» Action item
Copy the listing that follows exactly. Its pictures do not belong in the copy.

» Information provided
------------------------------------------------------------

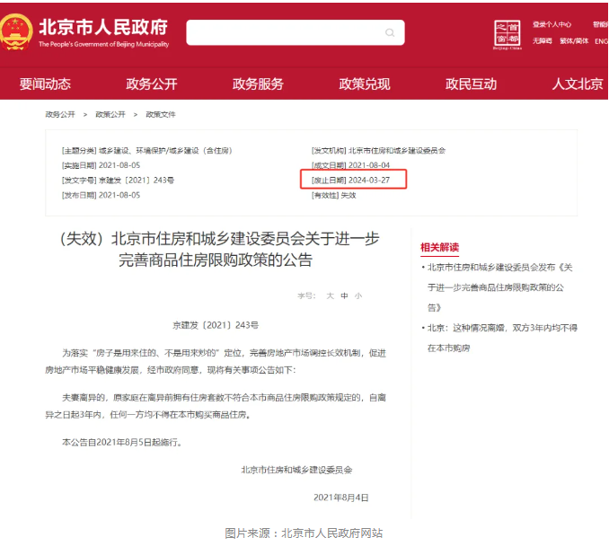 3月27日,據北(bei)京市人(ren)民政(zheng)府網站顯示,《北(bei)京市住(zhu)房和城鄉建設委員會關于(yu)進(jin)一步(bu)完善商品住(zhu)房限購(gou)政(zheng)策的公告》已(yi)經正式廢止。
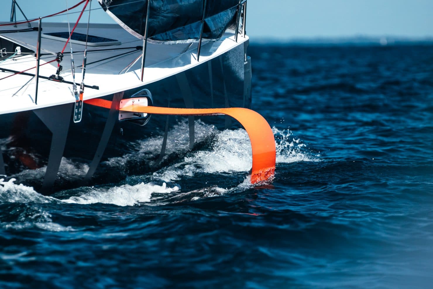 Mis à l’eau n juillet à Saint-Gilles-Croix-de-Vie, le prototype du Figaro Bénéteau 3, dont la construction aura nécessité 3000 heures de travail sur le site Bénéteau de Cheviré, est depuis en phase de tests. Responsables du chantier Bénéteau, architectes, membres du bureau d’études de Mer Forte et représentants de la classe Figaro se sont succédés à son bord pour éprouver dans diverses conditions le plan VPLP de 9,75 mètres, qui sera le premier monocoque monotype de série doté de foils. Cette période de tests s’est achevée mi-septembre, le temps de pro ter d’une dernière semaine dans du vent fort a n de permettre de dé nitivement valider un bateau qui, visiblement, marque un vrai bond technologique. « Les retours sont très positifs, les résultats sont en phase avec ce qu’avait imaginé l’architecte : les foils apportent à la fois une stabilité supplémentaire et un phénomène de sustentation, ce qui rend le bateau très équilibré. La douceur et la précision de barre ont surpris tout le monde, c’est un élément très important pour ne pas trop solliciter les pilotes automatiques », constate Eric Ingouf, responsable du programme Figaro 3 chez Bénéteau.
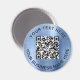 Aimant promotionnel simple pour votre entreprise ou organisation avec un arrière - plan en faux métal bleu brossé. Ajoutez votre code ou logo QR et deux lignes de texte personnalisé, comme votre nom d'entreprise, votre slogan, merci ou laissez vide.

------------------------------------------------------------

» Answer section
 3月27日,據北(bei)京市人(ren)民政(zheng)府網站顯示,《北(bei)京市住(zhu)房和城鄉建設委員會關于(yu)進(jin)一步(bu)完善商品住(zhu)房限購(gou)政(zheng)策的公告》已(yi)經正式廢止。
 Mis à l’eau n juillet à Saint-Gilles-Croix-de-Vie, le prototype du Figaro Bénéteau 3, dont la construction aura nécessité 3000 heures de travail sur le site Bénéteau de Cheviré, est depuis en phase de tests. Responsables du chantier Bénéteau, architectes, membres du bureau d’études de Mer Forte et représentants de la classe Figaro se sont succédés à son bord pour éprouver dans diverses conditions le plan VPLP de 9,75 mètres, qui sera le premier monocoque monotype de série doté de foils. Cette période de tests s’est achevée mi-septembre, le temps de pro ter d’une dernière semaine dans du vent fort a n de permettre de dé nitivement valider un bateau qui, visiblement, marque un vrai bond technologique. « Les retours sont très positifs, les résultats sont en phase avec ce qu’avait imaginé l’architecte : les foils apportent à la fois une stabilité supplémentaire et un phénomène de sustentation, ce qui rend le bateau très équilibré. La douceur et la précision de barre ont surpris tout le monde, c’est un élément très important pour ne pas trop solliciter les pilotes automatiques », constate Eric Ingouf, responsable du programme Figaro 3 chez Bénéteau.
 Aimant promotionnel simple pour votre entreprise ou organisation avec un arrière - plan en faux métal bleu brossé. Ajoutez votre code ou logo QR et deux lignes de texte personnalisé, comme votre nom d'entreprise, votre slogan, merci ou laissez vide.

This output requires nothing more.